DATA SEGMENT:
***

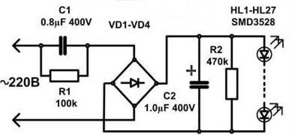 Pour éviter le scintillement inhérent aux lampes LED, le schéma décrit ci-dessus peut être complété par plusieurs détails. Ainsi, il devrait être composé d'un pont de diodes, de résistances 100 et 230 Ohm, de condensateurs 400 nF et 10 uF.
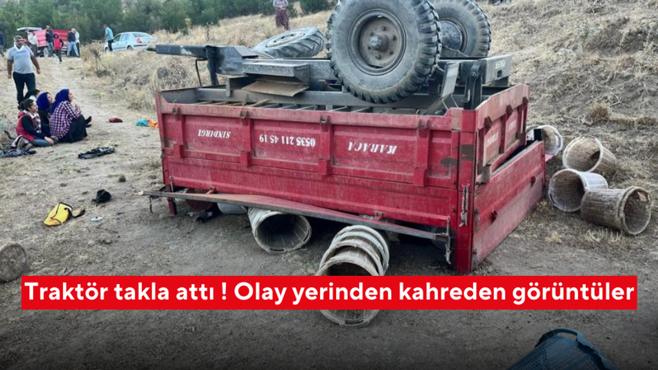 Traktör takla attı ! Olay yerinden kahreden görüntüler
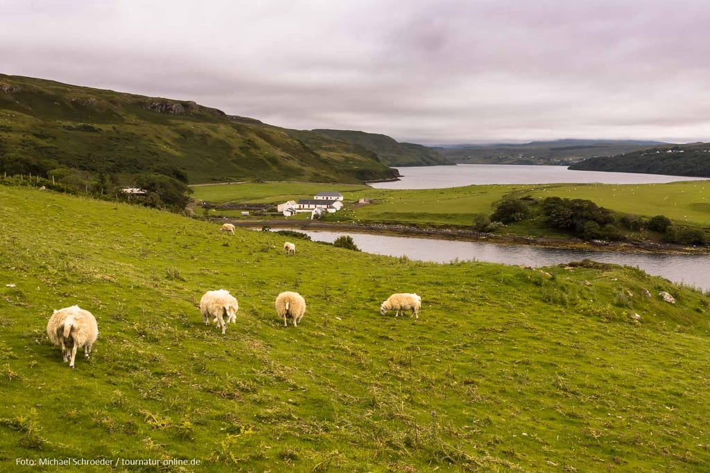 - nahe der B8063: Wildcamping auf Wiese am Loch Slapin (N57°12'03" W 6°00'14")
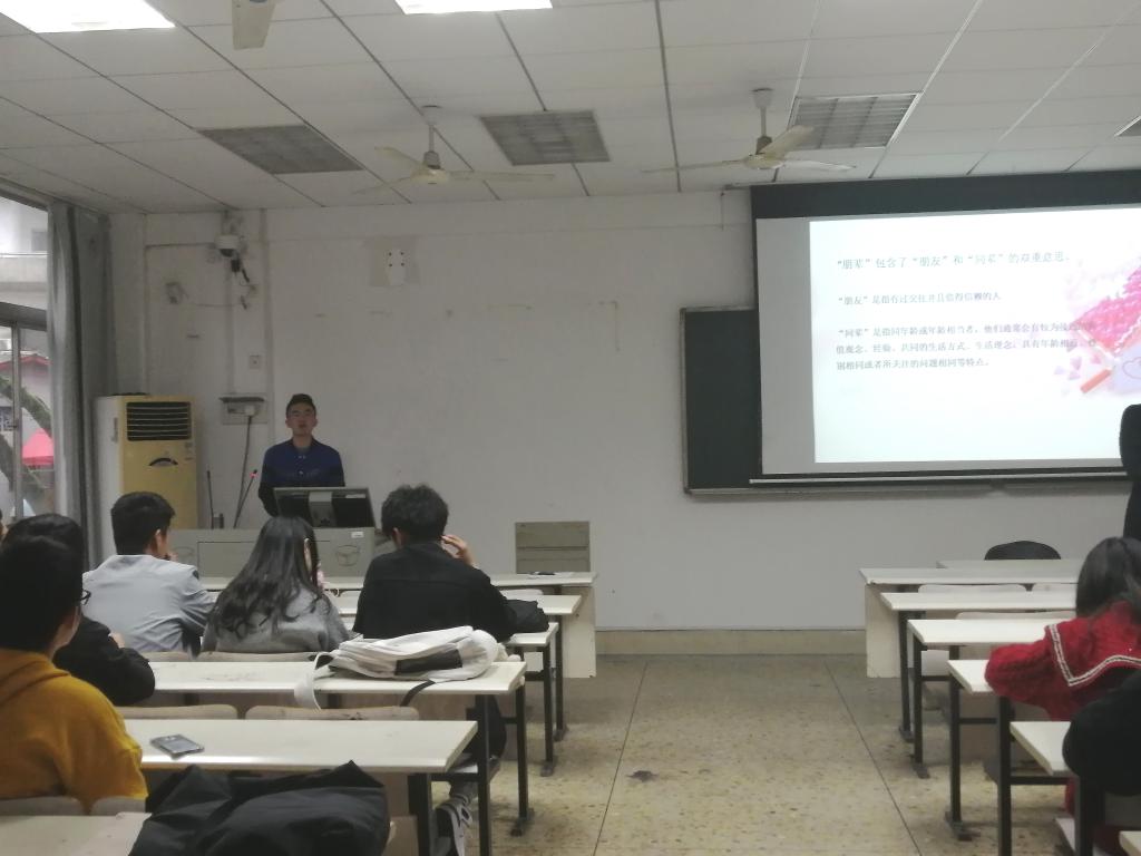 江志强从破冰游戏开始,引导同学们认识作为朋辈心理辅导员聆听的重要性。他指出朋辈心理辅导员是宣传员、信息员、倾听员、警报员,并从马斯洛心理健康十大标准解释了什么算心理健康,同时也分析了生活中哪些同学是要引起特别重视的。在具体工作方法中,他从学会观察、学会聆听、学会助人三个方面引导同学们做好朋辈心理辅导工作。

***

EXERCISE DIRECTIONS: Give again exactly the lines from the one that contains "- nahe der B8063: Wildcamping" through the end of the material, both ends included, omitting the pictures.

EXERCISE OUTPUT:
 - nahe der B8063: Wildcamping auf Wiese am Loch Slapin (N57°12'03" W 6°00'14")
 江志强从破冰游戏开始,引导同学们认识作为朋辈心理辅导员聆听的重要性。他指出朋辈心理辅导员是宣传员、信息员、倾听员、警报员,并从马斯洛心理健康十大标准解释了什么算心理健康,同时也分析了生活中哪些同学是要引起特别重视的。在具体工作方法中,他从学会观察、学会聆听、学会助人三个方面引导同学们做好朋辈心理辅导工作。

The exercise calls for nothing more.